▶ Problem requirements
Retype word for word the stretch of entries below from the line that has "Αυτό το πιάτο" through the line that has "The shrinking glaciers", and omit the pictures.

Data for processing START

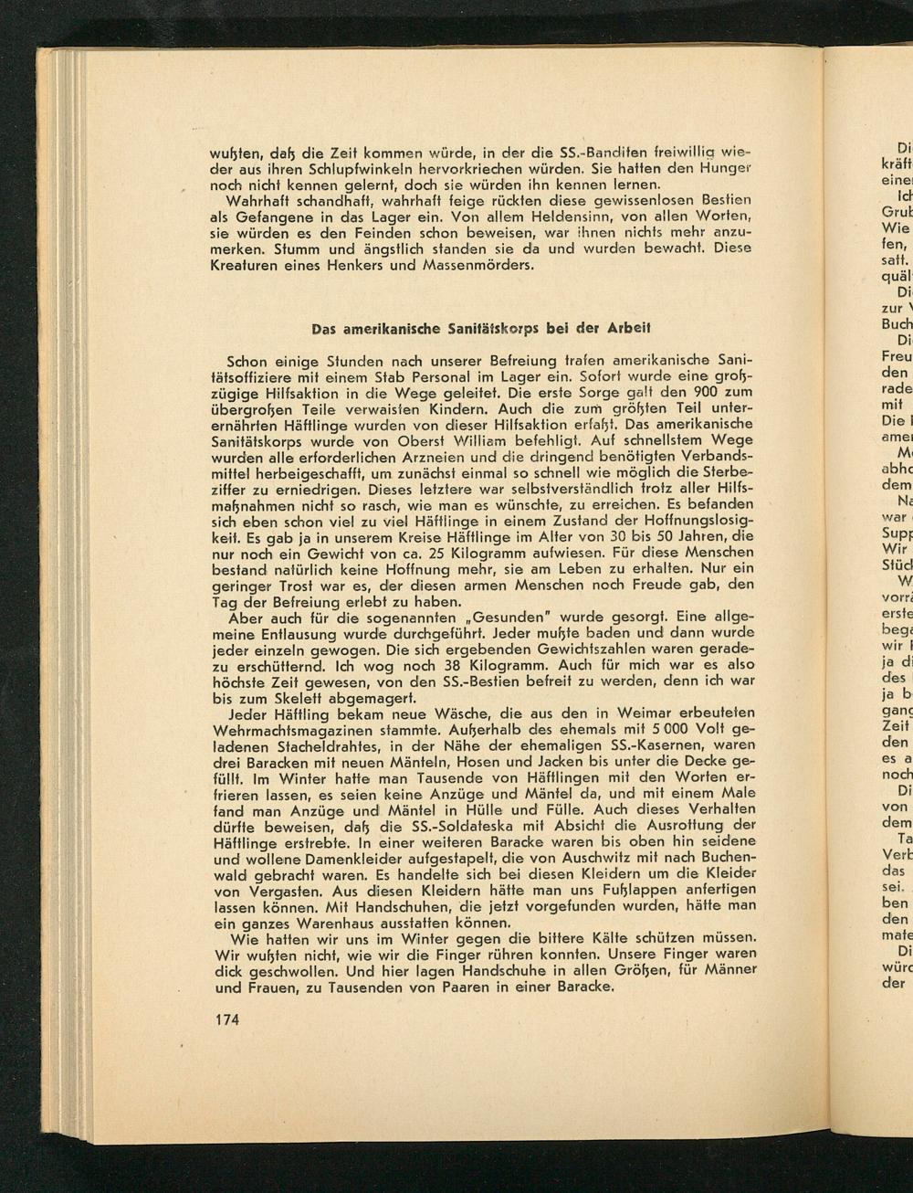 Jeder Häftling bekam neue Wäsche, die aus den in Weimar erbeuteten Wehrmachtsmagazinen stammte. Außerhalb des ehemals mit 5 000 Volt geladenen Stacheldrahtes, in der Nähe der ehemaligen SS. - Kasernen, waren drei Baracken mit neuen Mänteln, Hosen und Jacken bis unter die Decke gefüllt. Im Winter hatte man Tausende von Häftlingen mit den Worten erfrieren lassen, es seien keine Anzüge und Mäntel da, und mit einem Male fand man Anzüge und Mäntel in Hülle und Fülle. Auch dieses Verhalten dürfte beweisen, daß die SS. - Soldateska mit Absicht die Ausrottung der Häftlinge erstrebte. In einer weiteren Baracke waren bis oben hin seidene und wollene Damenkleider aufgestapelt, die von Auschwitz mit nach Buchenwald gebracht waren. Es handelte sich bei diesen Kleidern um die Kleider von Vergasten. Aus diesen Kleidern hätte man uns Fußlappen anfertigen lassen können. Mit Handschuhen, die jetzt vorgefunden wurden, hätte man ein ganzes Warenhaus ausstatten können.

Data for processing END
Data for processing START

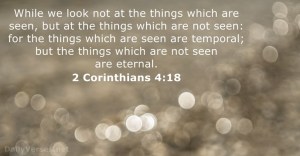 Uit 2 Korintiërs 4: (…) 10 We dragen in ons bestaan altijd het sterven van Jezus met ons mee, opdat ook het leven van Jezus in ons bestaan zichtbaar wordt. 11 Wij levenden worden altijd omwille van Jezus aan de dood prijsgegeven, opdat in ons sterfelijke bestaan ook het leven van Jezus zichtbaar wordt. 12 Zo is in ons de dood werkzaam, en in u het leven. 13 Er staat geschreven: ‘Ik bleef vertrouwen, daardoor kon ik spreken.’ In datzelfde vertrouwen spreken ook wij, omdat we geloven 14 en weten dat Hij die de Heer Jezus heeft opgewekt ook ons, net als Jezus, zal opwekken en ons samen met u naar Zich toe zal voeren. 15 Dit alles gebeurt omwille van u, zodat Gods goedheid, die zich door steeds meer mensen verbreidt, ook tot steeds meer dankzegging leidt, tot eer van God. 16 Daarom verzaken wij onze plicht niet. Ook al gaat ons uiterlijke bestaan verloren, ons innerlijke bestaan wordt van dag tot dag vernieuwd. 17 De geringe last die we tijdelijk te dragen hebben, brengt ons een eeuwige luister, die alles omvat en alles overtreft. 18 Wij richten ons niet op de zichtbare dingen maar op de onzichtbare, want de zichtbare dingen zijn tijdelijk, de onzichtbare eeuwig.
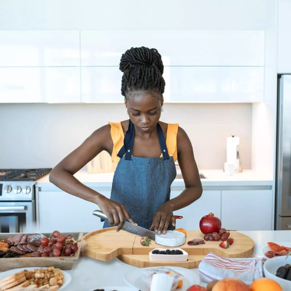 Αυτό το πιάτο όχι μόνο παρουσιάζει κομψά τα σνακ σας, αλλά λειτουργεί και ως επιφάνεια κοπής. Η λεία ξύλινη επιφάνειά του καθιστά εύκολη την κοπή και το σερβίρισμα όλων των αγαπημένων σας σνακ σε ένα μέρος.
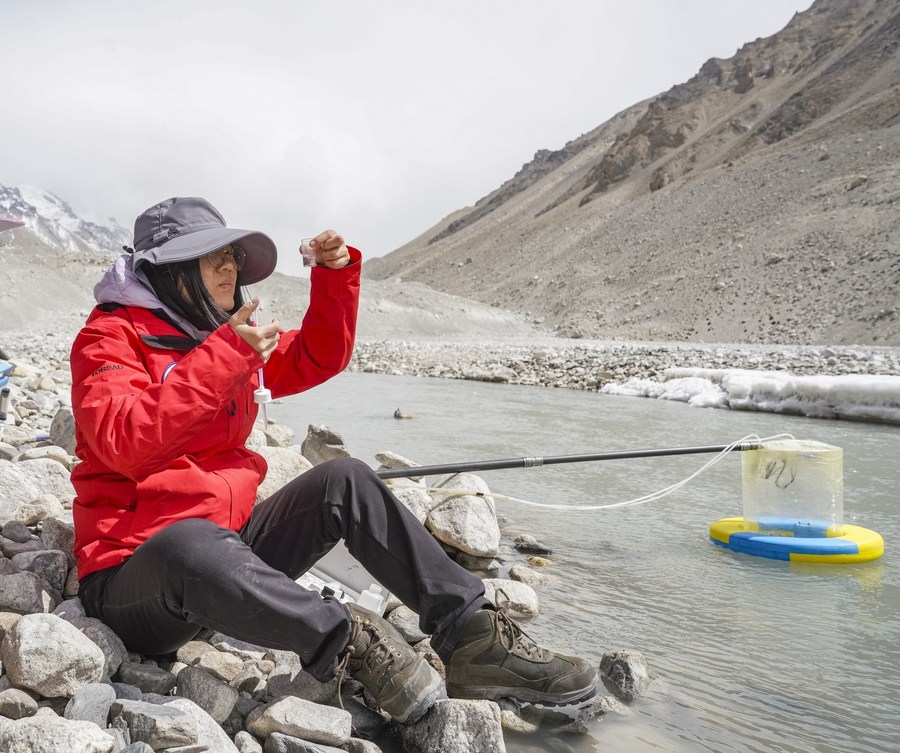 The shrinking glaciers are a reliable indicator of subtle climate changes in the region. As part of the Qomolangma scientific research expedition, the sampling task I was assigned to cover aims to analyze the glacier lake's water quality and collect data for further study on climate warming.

Data for processing END

▶ Task response
 Αυτό το πιάτο όχι μόνο παρουσιάζει κομψά τα σνακ σας, αλλά λειτουργεί και ως επιφάνεια κοπής. Η λεία ξύλινη επιφάνειά του καθιστά εύκολη την κοπή και το σερβίρισμα όλων των αγαπημένων σας σνακ σε ένα μέρος.
 The shrinking glaciers are a reliable indicator of subtle climate changes in the region. As part of the Qomolangma scientific research expedition, the sampling task I was assigned to cover aims to analyze the glacier lake's water quality and collect data for further study on climate warming.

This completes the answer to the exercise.